Input records:
:::

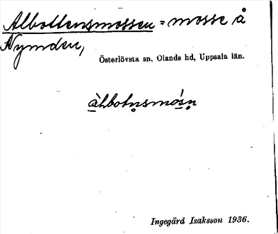 Information om ortnamnet Albottensmossen
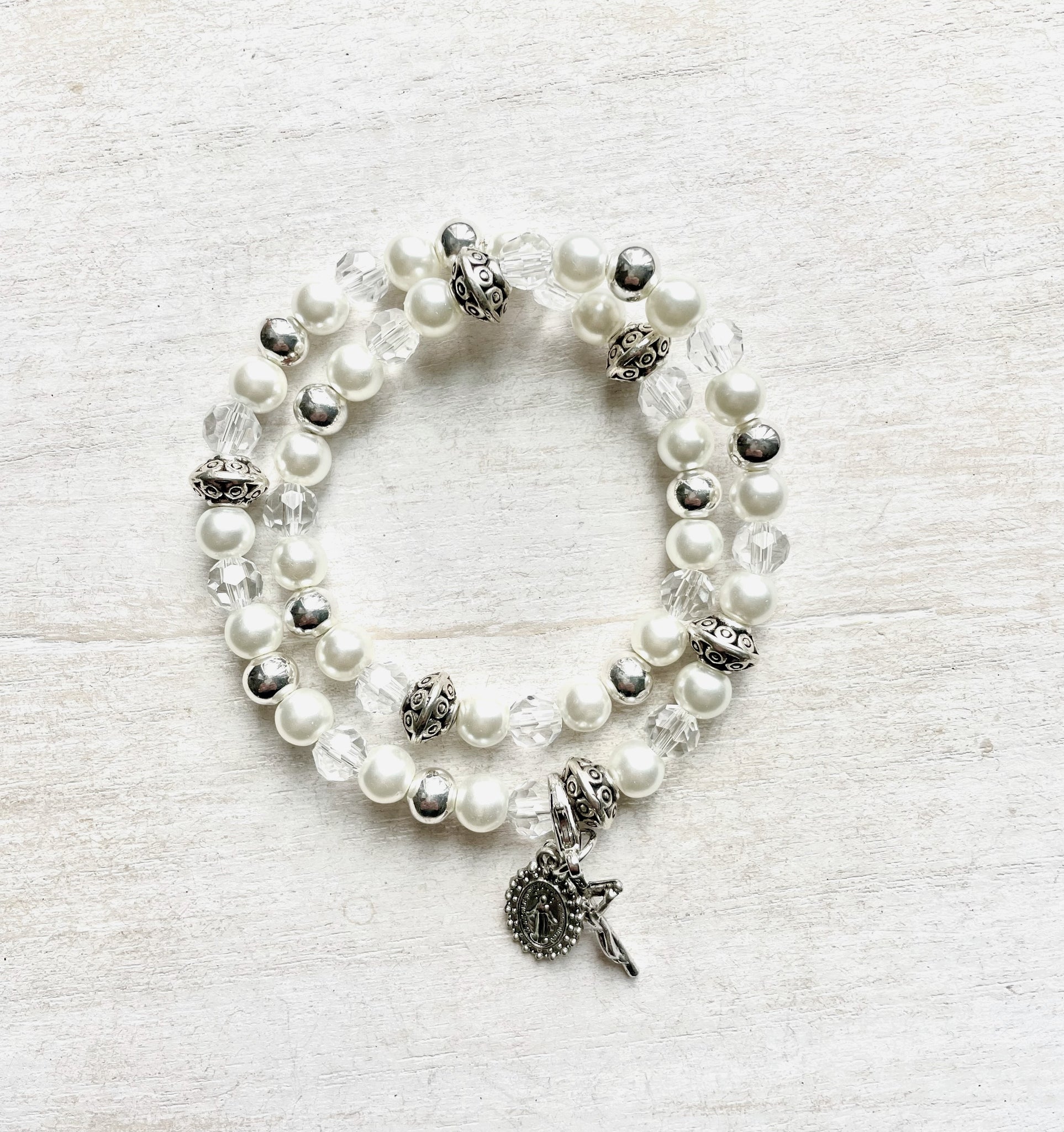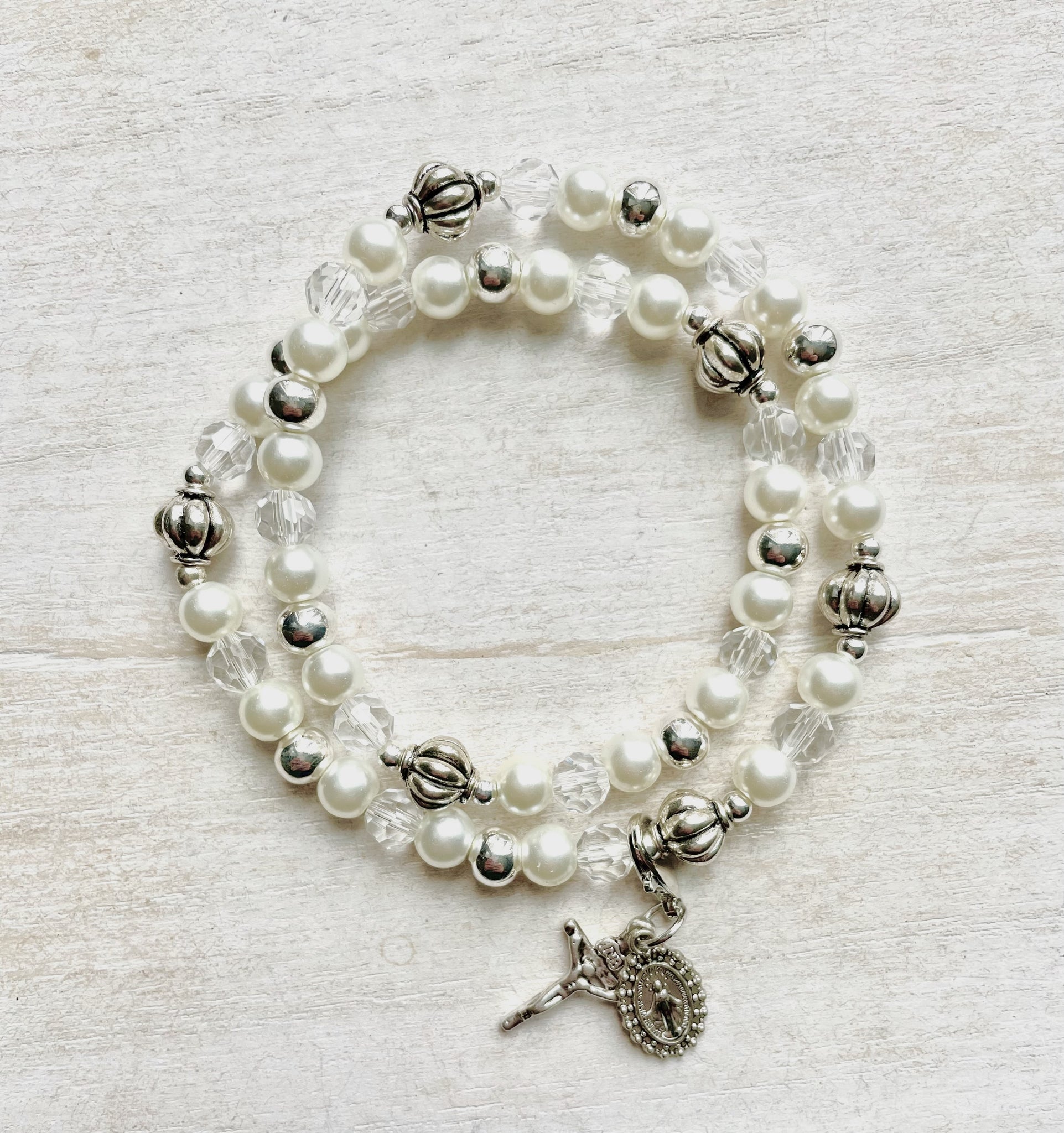 This elegant bracelet can be worn for any occasion, but it is especially fitting for a bride because every bride needs a rosary to carry on her wedding day! It is designed with pearl-colored glass beads, clear glass crystals, and silver-plated beads that make it the perfect addition to the beautiful bride. Even after the bouquet is tossed, this bracelet remains with the bride. It is an ideal gift for a bridal shower.
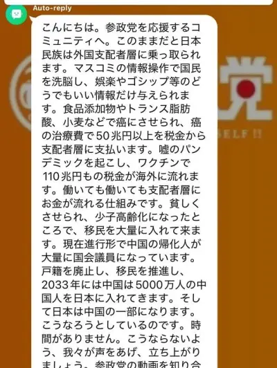 参政党のオープンチャット、入ったら欲張りセットをご査収させられる模様
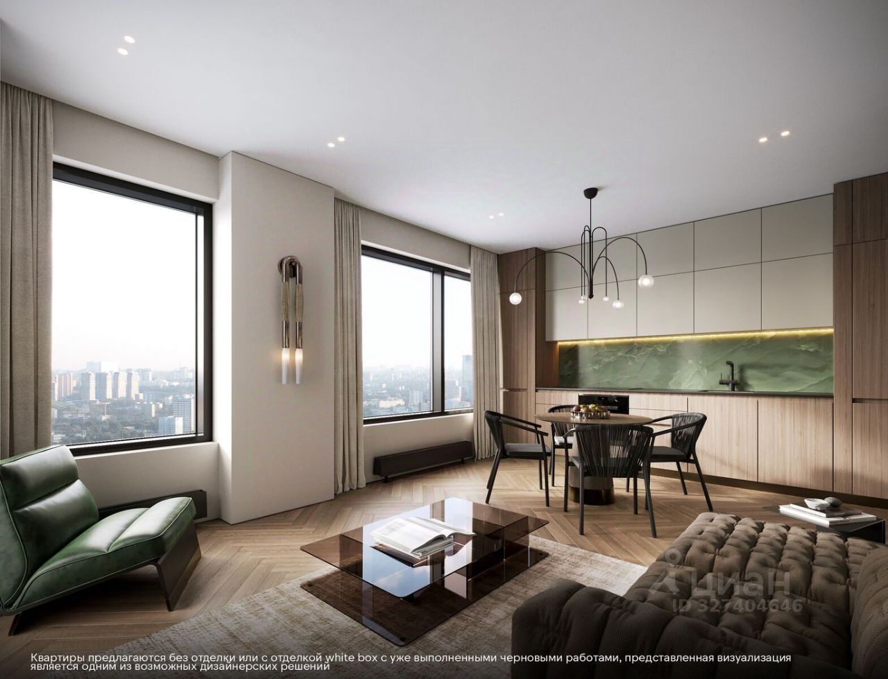 • дизайнерские лобби от бюро ABOVE ARCHITECTURE с панорамными окнами, интерьерами в теплой цветовой гамме и мягкой зоной ожидания располагаются в каждой башне,
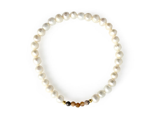 PULSERA DE PERLAS CON CENTRO DE RODOCROSITA Y PLATA
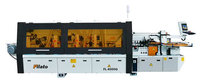 Автоматический кромкооблицовочный станок Filato FL 4000Q предназначен для облицовывания прямолинейных кромок плитных материалов рулонными кромками АБС, ПВХ и полосовым кромочным материалом толщиной до 3 мм.
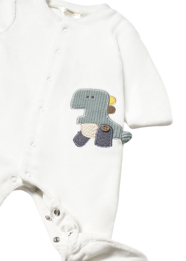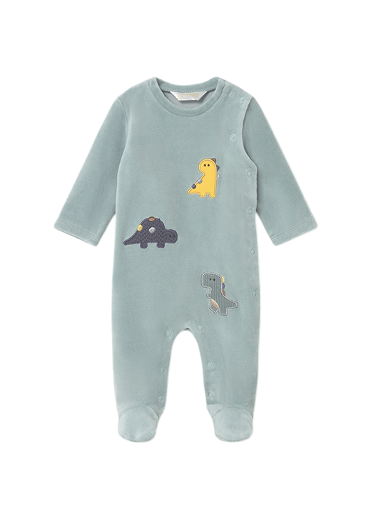 Pijama de manga larga para recién nacido. Cuello redondo. Cierre con botones a presión en la parte delantera. Botones a presión en la entrepierna para facilitar la puesta de la prenda. Cálido tejido de algodón con tacto suave y aterciopelado. Elementos de adorno: bordados. Las tallas mayores de este modelo (12 y 18 meses) presentan una suela antideslizante.
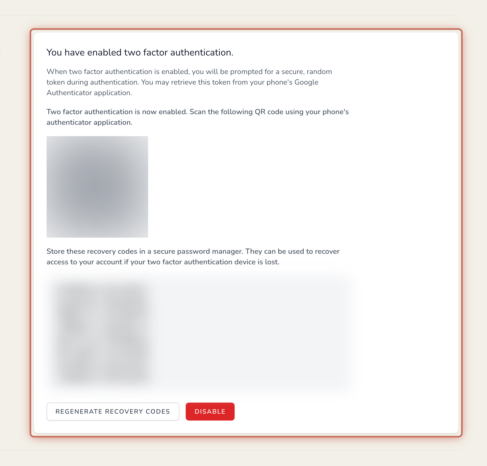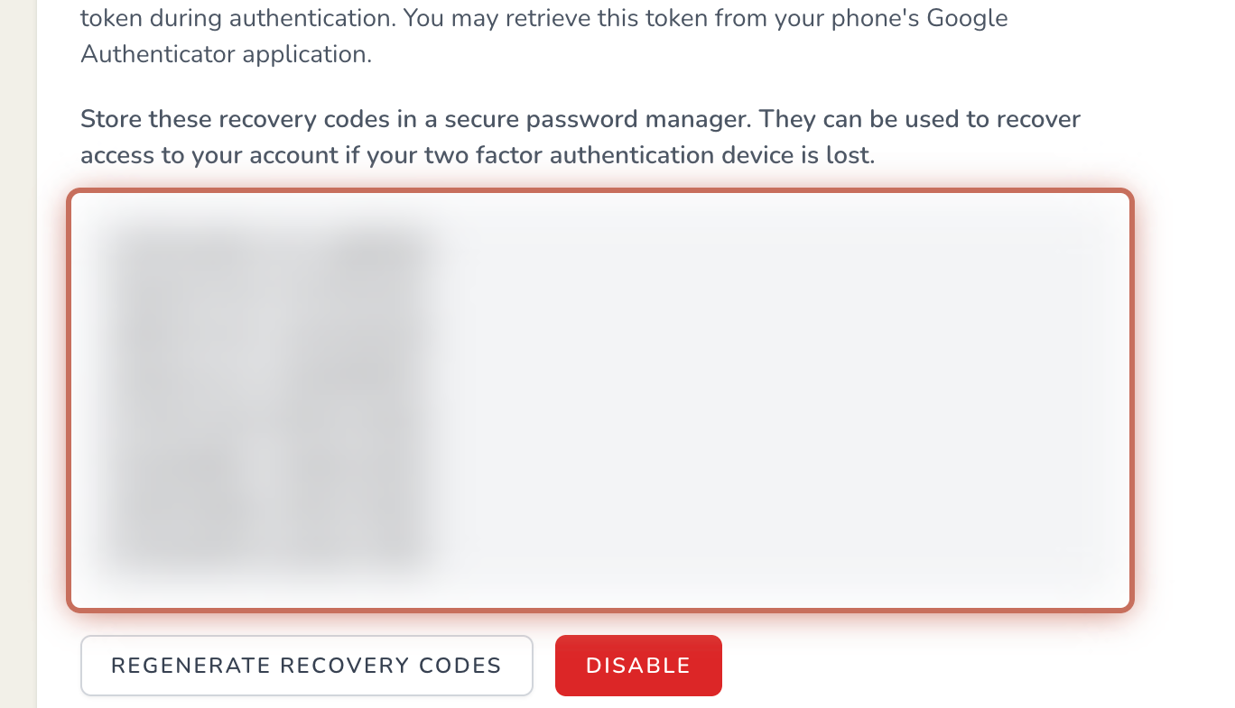 5. Scan the QR Code with a compatible app, such as Google Authenticator. Copy and store your recovery codes separately in a secure location.
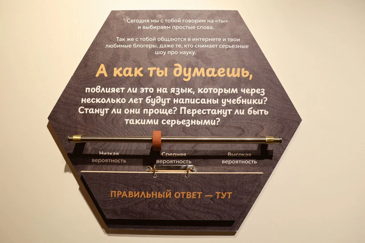В зале «Письменность» можно увидеть берестяные грамоты, глаголицу, кириллицу и древние рукописные книги. На виртуальном станке Ивана Фёдорова посетители попробуют «напечатать» слова, а в студии «Яндекс Книг» — озвучить литературный фрагмент. Цифровые экспозиции рассказывают о Петровской реформе языка, вкладе Ломоносова и Пушкина в его развитие, а также предлагают поразмышлять о будущем русского языка.
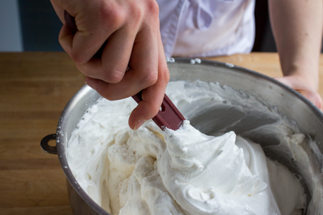 1. Place bowl of stand mixer and whisk attachment into freezer to chill.
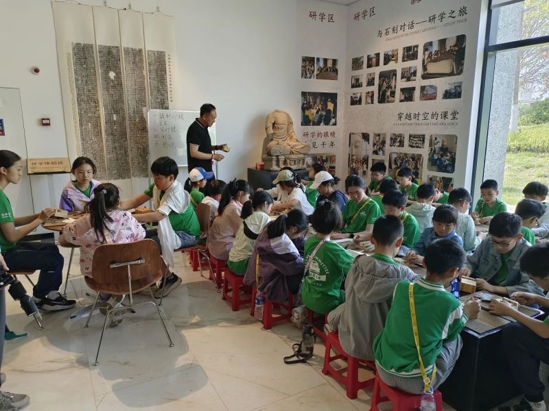 活动内容:在国际博物馆日当天,陕西汉唐石刻博物馆日举行纪念日研学体验课,带领学生们进行石刻科普活动,并开展篆刻体验活动,感受碑石的雕刻技术。
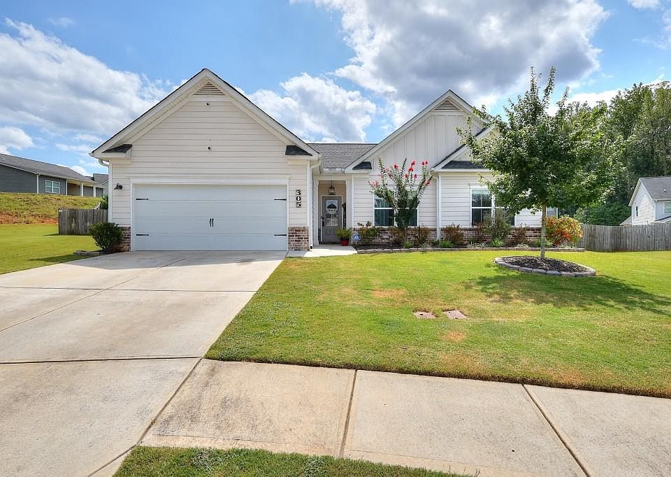 Welcome home! This stunning 4-bedroom ranch offers an open layout perfect for everyday living and entertaining. The spacious family room flows seamlessly into the bright white kitchen, complete with a large island and pantry. Beautiful laminate veneer flooring runs throughout the home, enhancing its modern feel. From the family room, step out to the covered patio with easy access to the private backyard, ideal for gatherings or quiet evenings outdoors. The oversized master suite features a walk-in closet, and a luxurious bath with a soaking tub, separate shower, and private water closet. Three additional bedrooms provide generous closet space, and share a full guest bathroom. Nestled on a cul-de-sac lot with a privacy-fenced backyard, this home is just minutes from downtown Monroe, where you'll enjoy dining, shopping, and community activities.
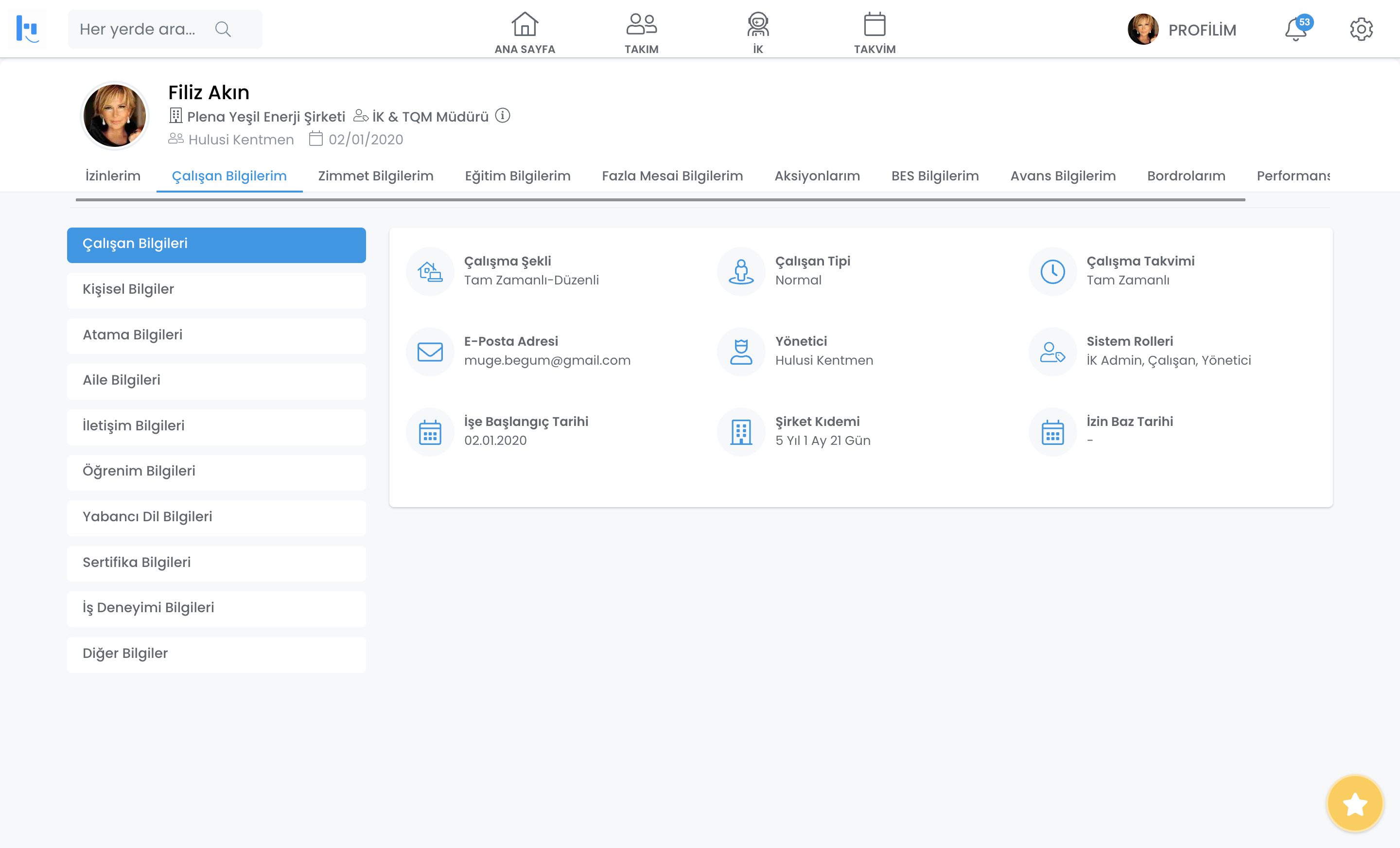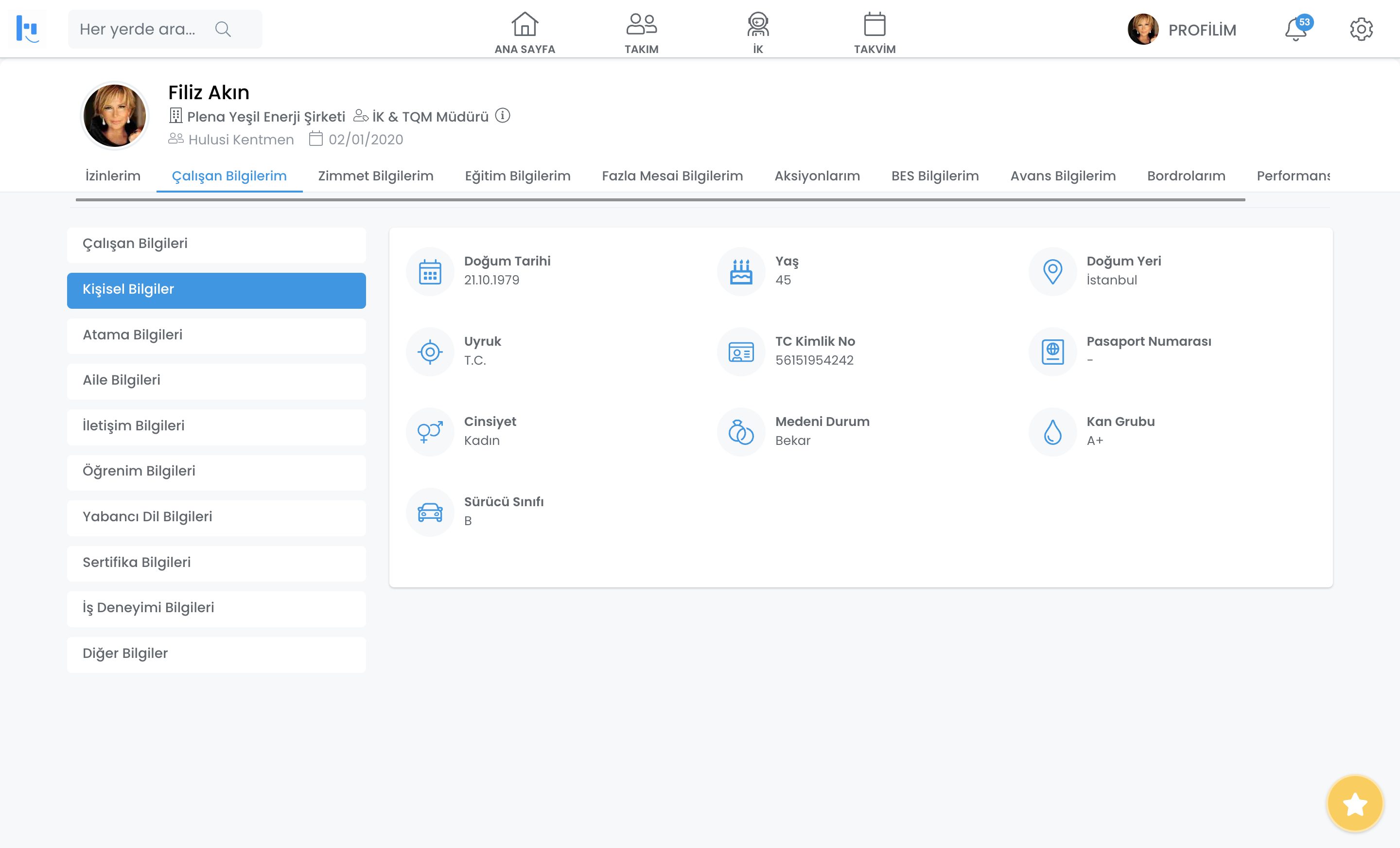 Ana sayfa giriş paneli ile tüm İK süreçlerinizi anlık olarak izleyin. Takvim üzerinden izin, eğitim, doğum günü ve etkinlik gibi aksiyonları takip edin ve planlayın.

:::

Exercise: Could you output the lines above exactly, with no pictures included?

Task response:
 Information om ortnamnet Albottensmossen
 This elegant bracelet can be worn for any occasion, but it is especially fitting for a bride because every bride needs a rosary to carry on her wedding day! It is designed with pearl-colored glass beads, clear glass crystals, and silver-plated beads that make it the perfect addition to the beautiful bride. Even after the bouquet is tossed, this bracelet remains with the bride. It is an ideal gift for a bridal shower.
 参政党のオープンチャット、入ったら欲張りセットをご査収させられる模様
 • дизайнерские лобби от бюро ABOVE ARCHITECTURE с панорамными окнами, интерьерами в теплой цветовой гамме и мягкой зоной ожидания располагаются в каждой башне,
 PULSERA DE PERLAS CON CENTRO DE RODOCROSITA Y PLATA
 Автоматический кромкооблицовочный станок Filato FL 4000Q предназначен для облицовывания прямолинейных кромок плитных материалов рулонными кромками АБС, ПВХ и полосовым кромочным материалом толщиной до 3 мм.
 Pijama de manga larga para recién nacido. Cuello redondo. Cierre con botones a presión en la parte delantera. Botones a presión en la entrepierna para facilitar la puesta de la prenda. Cálido tejido de algodón con tacto suave y aterciopelado. Elementos de adorno: bordados. Las tallas mayores de este modelo (12 y 18 meses) presentan una suela antideslizante.
 5. Scan the QR Code with a compatible app, such as Google Authenticator. Copy and store your recovery codes separately in a secure location.
В зале «Письменность» можно увидеть берестяные грамоты, глаголицу, кириллицу и древние рукописные книги. На виртуальном станке Ивана Фёдорова посетители попробуют «напечатать» слова, а в студии «Яндекс Книг» — озвучить литературный фрагмент. Цифровые экспозиции рассказывают о Петровской реформе языка, вкладе Ломоносова и Пушкина в его развитие, а также предлагают поразмышлять о будущем русского языка.
 1. Place bowl of stand mixer and whisk attachment into freezer to chill.
 活动内容:在国际博物馆日当天,陕西汉唐石刻博物馆日举行纪念日研学体验课,带领学生们进行石刻科普活动,并开展篆刻体验活动,感受碑石的雕刻技术。
 Welcome home! This stunning 4-bedroom ranch offers an open layout perfect for everyday living and entertaining. The spacious family room flows seamlessly into the bright white kitchen, complete with a large island and pantry. Beautiful laminate veneer flooring runs throughout the home, enhancing its modern feel. From the family room, step out to the covered patio with easy access to the private backyard, ideal for gatherings or quiet evenings outdoors. The oversized master suite features a walk-in closet, and a luxurious bath with a soaking tub, separate shower, and private water closet. Three additional bedrooms provide generous closet space, and share a full guest bathroom. Nestled on a cul-de-sac lot with a privacy-fenced backyard, this home is just minutes from downtown Monroe, where you'll enjoy dining, shopping, and community activities.
 Ana sayfa giriş paneli ile tüm İK süreçlerinizi anlık olarak izleyin. Takvim üzerinden izin, eğitim, doğum günü ve etkinlik gibi aksiyonları takip edin ve planlayın.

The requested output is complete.